Man lernt beide Charaktere sowie ihre intensive und sehr enge Freundschaft gut kennen. Die Beziehung der beiden ist vielschichtig und sehr komplex und nicht immer konnte Felix mit Sympathie bei mir punkten. Muss aber gar nicht sein, umso glaubhafter war für mich diese manchmal schon ambivalente Freundschaft, die auch ein Stück Abhängigkeit bedeutete. Die Schilderung war für mich authentisch. Die Freundschaft mit Felix hat dem Erzähler nicht immer gut getan, er kann sich aber auch nicht davon lösen. Selbst dann nicht, wenn Felix während eines Backpackerurlaubs verloren geht. Aber je näher der Erzähler in den Dschungel eindringt, um Felix zu finden, umso mehr muss sich der Namenlose seinen eigenen Ängsten stellen. Wie weit ist man bereit für eine Freundschaft zu gehen, wenn der Freund nicht gefunden werden will? Und was ist man bereit, dafür zu opfern?

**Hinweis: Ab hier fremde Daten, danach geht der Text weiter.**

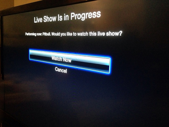 Apple тестирует новую систему уведомлений для телевизионных приставок Apple TV. В преддверии очередной трансляции iTunes Festival из Остина некоторые пользователи увидели на экранах своих телевизоров сообщение о начавшемся выступлении исполнителя Pitbull с предложением приступить к просмотру.
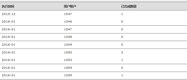 下面是一个比较复杂的统计,按月把某个用户的某个任务进行求和及求总数的统计,看一下代码
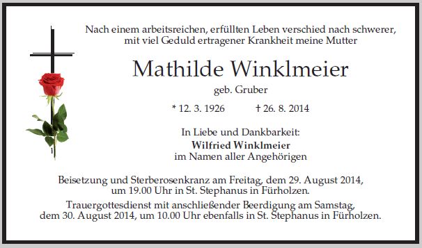 Gottesdienst mit anschließender Beerdigung am Samstag, dem 30. August 2014, um 10:00 Uhr in St. Stephanus in Fürholzen.
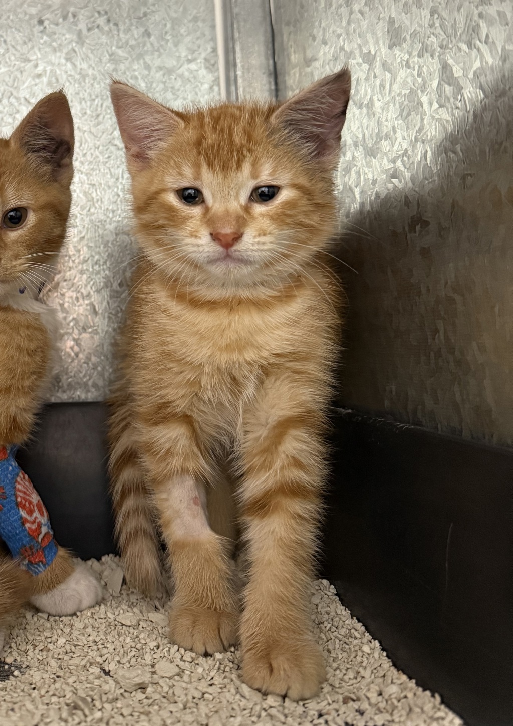 Petunia is a sweet, confident kitten who knows how to bring the fun! With her bold personality and love for adventure, she's always up for playtime, whether it's chasing after toys, exploring new spaces, or showing off her playful antics. Her confident nature shines through as she fearlessly takes on the world around her - this little one is a true superstar!
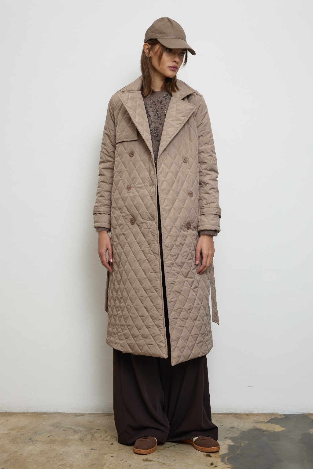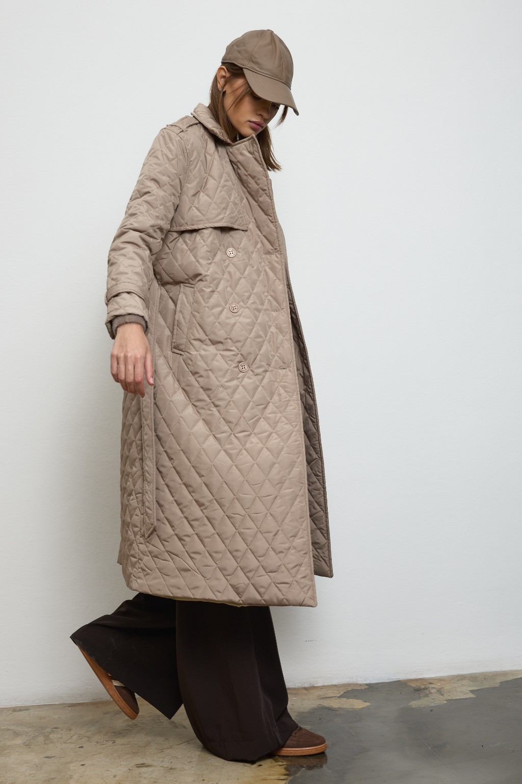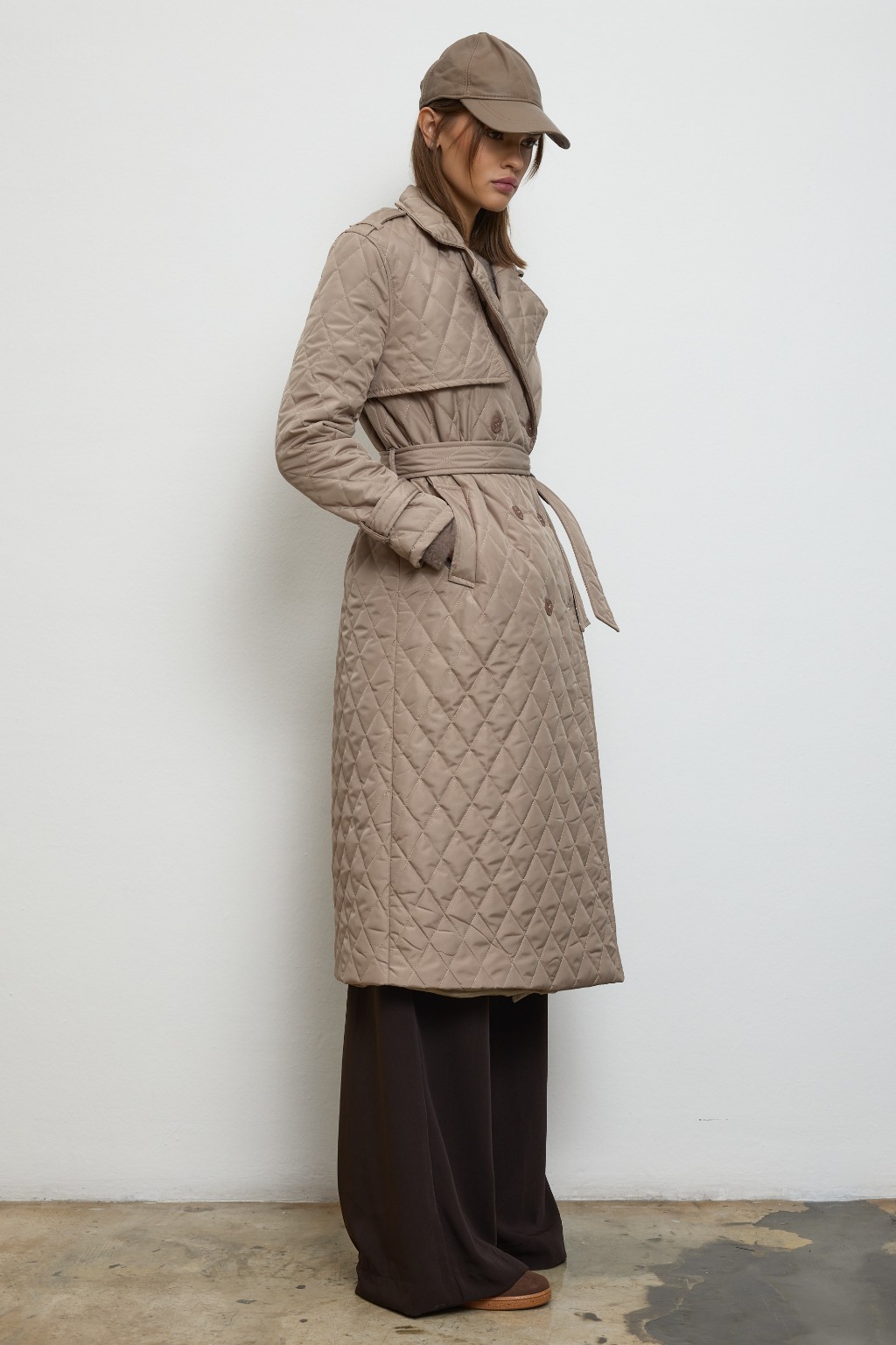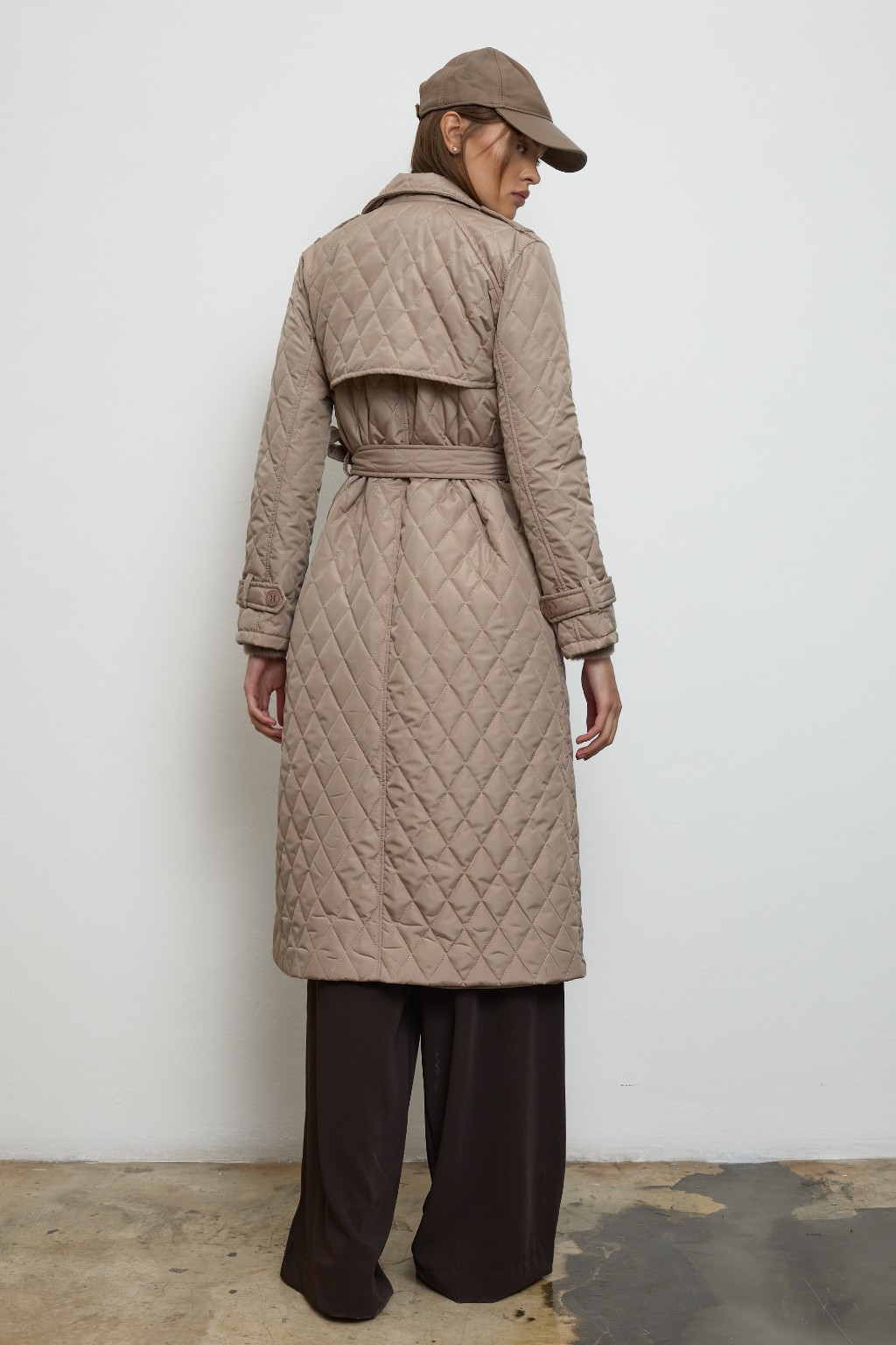 -Altı düğmeli kruvaze kapaması, tek omuzda yer alan ekstra kapama detayı ve omuz-kollardaki apoletlerle güçlü bir duruş sergiler. Arka kısmındaki rüzgarlık detayı ise klasik trençkot havasını modern bir siluetle buluşturur.
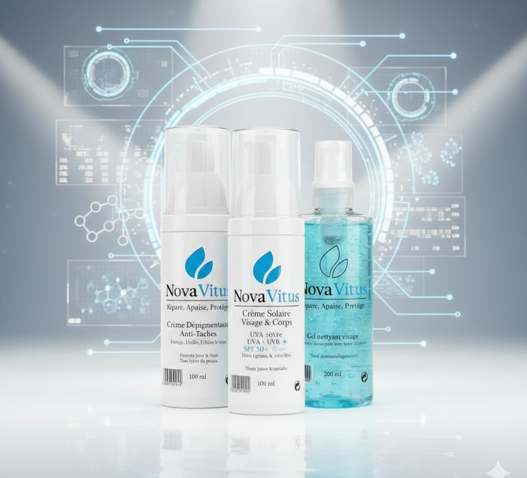 Découvrez la gamme Anti-Taches NovaVitus, scientifiquement formulée pour la peau marocaine : un protocole complet en 3 étapes — gel nettoyant, crème dépigmentante et crème solaire SPF 50+ — tout en une seule marque, pour éliminer les taches, uniformiser le teint et les empêcher de revenir.
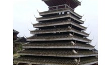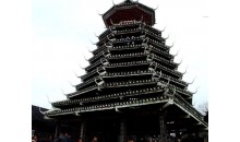 地坪風(fēng)雨樓 這是貴州省最大、造型最美的風(fēng)雨橋。長(zhǎng)達(dá)50多米的地坪風(fēng)雨橋始建于清光緒二十年即公元1894年,1959年毀于火災(zāi),1964年重建。整座橋不用一釘一鉚,而運(yùn)用杠桿力學(xué)原理,將大小不一的柱、枋、檁、凳、欄桿等全部用杉木鑿榫穿枋構(gòu)成。橋體為長(zhǎng)廊式木結(jié)構(gòu),橋上有一大兩小共三座橋樓。居中的大橋樓是鼓樓式建筑,兩邊的橋樓皆為三層重檐雙斜面屋頂。
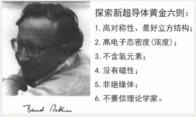 马蒂亚斯因为A15 相的研究,加上其他一系列新超导材料的发现,成为了当时超导材料探索的超级大师。身为超导界的老司机,他也是自信满满做领路人,早早地提出了“ 高温超导”的概念,只相对10 K左右的单质超导而言。马蒂亚斯总结了探索更高Tc超导材料的黄金六法则( 实际上不止6 条,此处姑且如此总结):高对称性、高电子态密度、不含氧、无磁性、非绝缘体、不信理论家(图3)。这些经验是A15 相化合物探索的精髓, 例如往往只有3:1 的化学计量比才能具有最好的Tc,在Nb3Ge 中无论掺杂、加压、热处理等, 都只会导致晶体缺陷降低临界温度。在马蒂亚斯法则指导下, 人们试图在三元化合物中寻找超导电性,例如ReRh4B4(Re=Y,Nd, Sm, Er, Tm,Lu, Th, Sc…) ,TiRuP,HfOsP 等,不幸的是, 这些化合物连突破20 K 的Tc都很困难,令人不禁怀疑自己遵循了“ 假法则”。直到1986 年, 铜氧化物高温超导体的发现,几乎(注意,不是全部!)颠覆了马蒂亚斯法则,至少6 条里面5 条是错的,仅剩下“远离理论学家”也许是对的。不过,马蒂亚斯也没有完全错,他很早提出了d 电子的重要性,并早就猜测磷化物、砷化物、硒化物、硫化物的超导电性,时隔多年后才被一一证实。这是后话,我们此节暂不细说。在此之前,马蒂亚斯依然是超导材料大师,为了纪念他的贡献,超导领域最高级别的国际超导材料和机理大会(M2S会议)设立了3个奖项:昂尼斯奖、巴丁奖、马蒂亚斯奖,分别颁发给超导实验、理论和材料方面突出贡献的科学家。
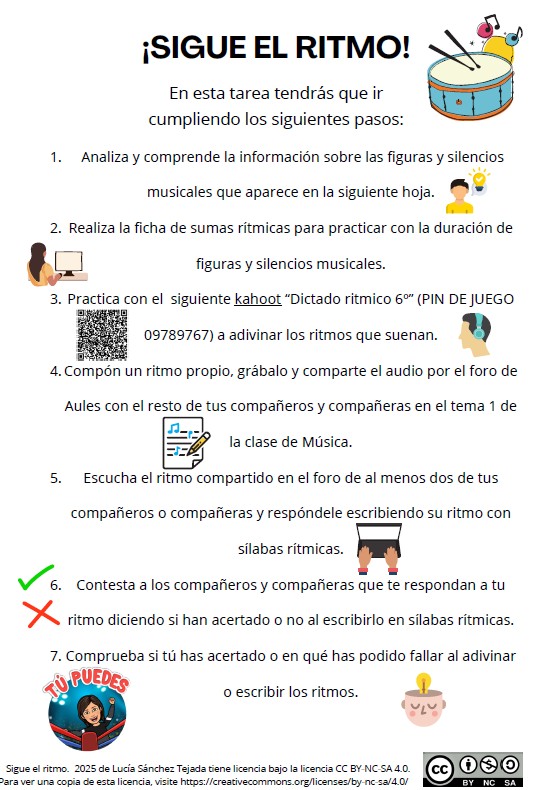 La tarea ¡Sigue el ritmo! consiste en una serie de 7 apartados con los que repasar y comprender la duración de las figuras musicales y sus silencios; practicar la suma de sus duraciones; entrenar la discriminación auditiva de un ritmo y relacionarla con su escritura musical; componer la creación de un ritmo; y finalmente escribir con sílabas rítmicas un ritmo escuchado.
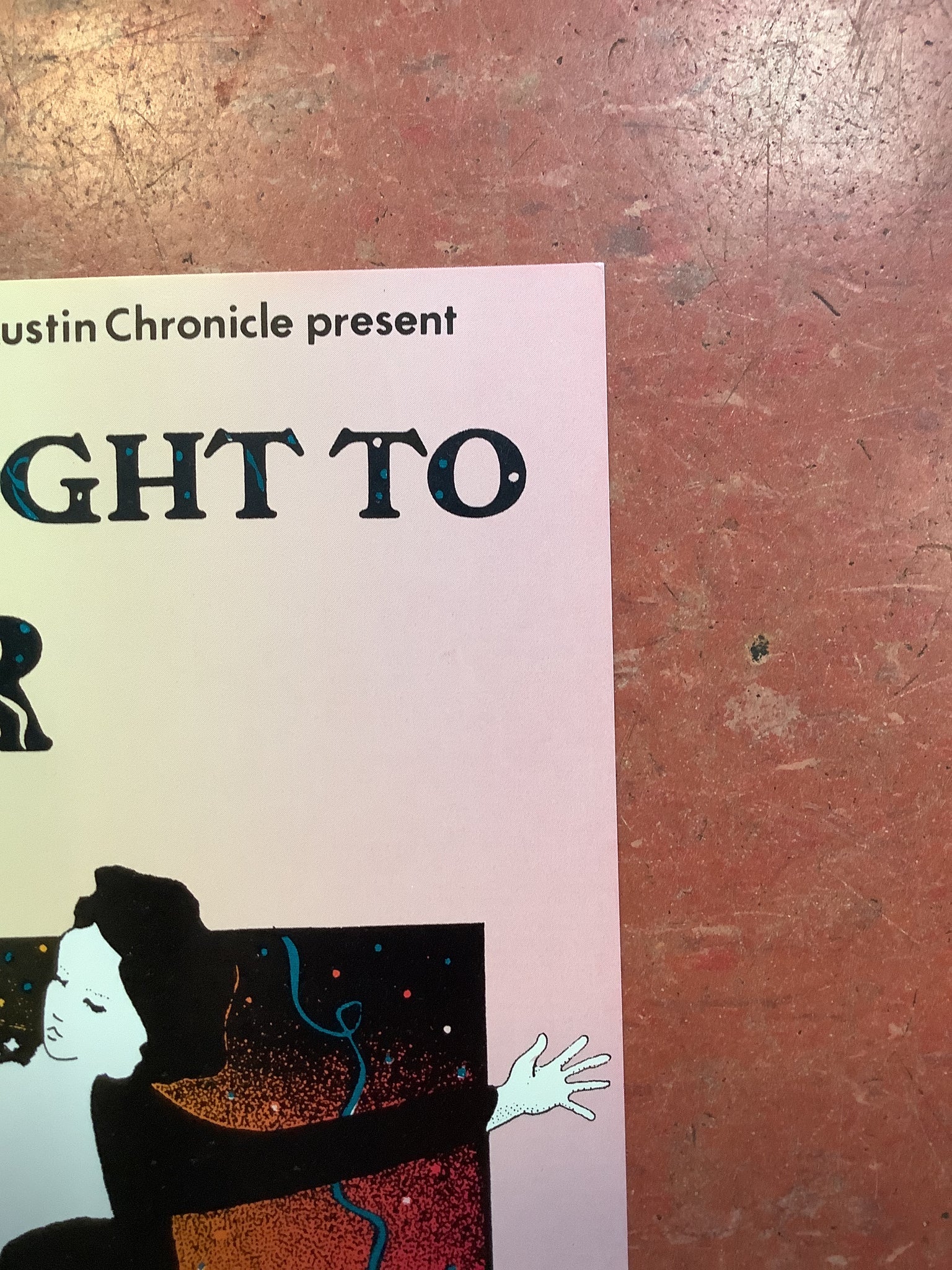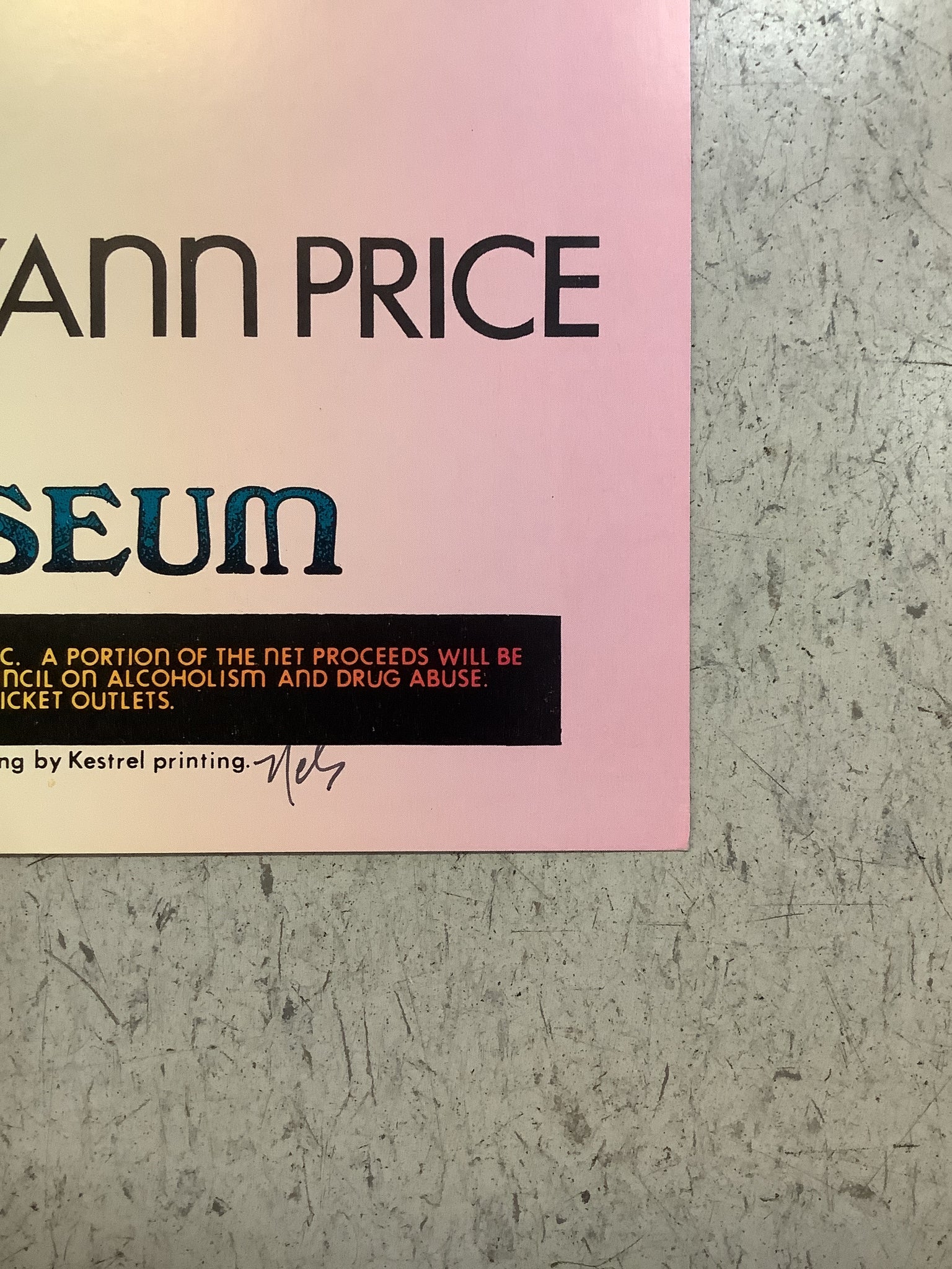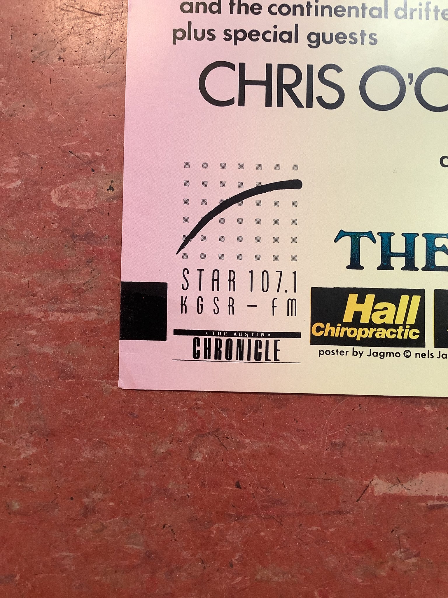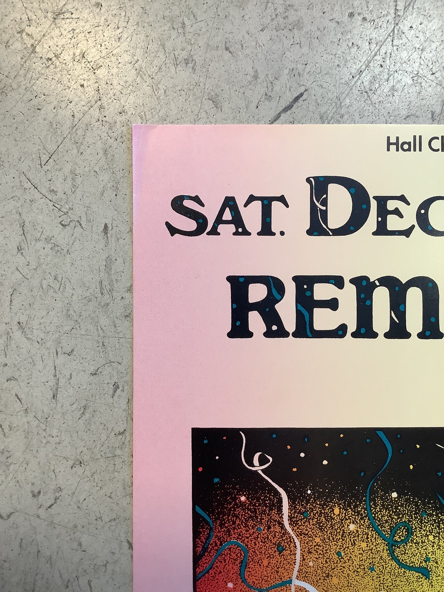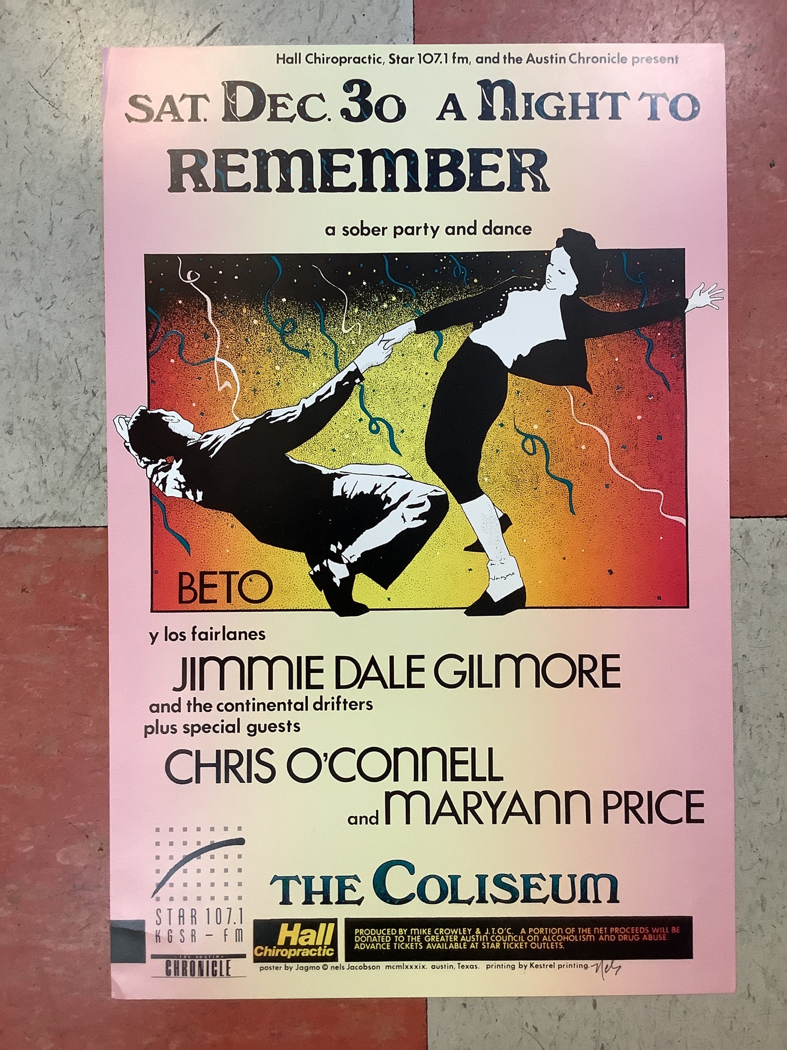 Vintage poster promoting "A Night to Remember": A Sober Party and Dance with performances by Beto Y Los Fairlanes, Jimmie Dale Gilmore and The Continental Drifters, Chris O'Connell, and Maryann Price. At The Coliseum on December 30th, 1989. Designed and hand-signed by Jagmo.

Das Buch hat mich zwar gut unterhalten, aber ganz überzeugt war ich nicht. Ich kann es noch nicht mal genau benennen, aber es war unter anderem dem Verhalten des Ich-Erzählers geschuldet, dass sich während der Reise geändert hat und ich nicht wirklich einen Grund finden konnte. Die Schilderungen in der Kindheit waren für mich teilweise auch etwas in die Länge gezogen, hier wäre weniger mehr gewesen.
Nebenbei taucht man in das Land Kambodscha ein. Hier hätte mich ein etwas tieferes Abtauchen noch mehr gefreut und der Autor setzt sich mit der alternativen Art des Reisens und der Sehnsüchte der Reisenden auseinander.
Der Schluss war leider nicht so nach meinem Geschmack, muss er auch nicht sein, denn Geschmäcker sind bekanntlich verschieden.

Fazit:
insgesamt ein interessantes und lesenswertes Buch über Freundschaft und Selbstfindung.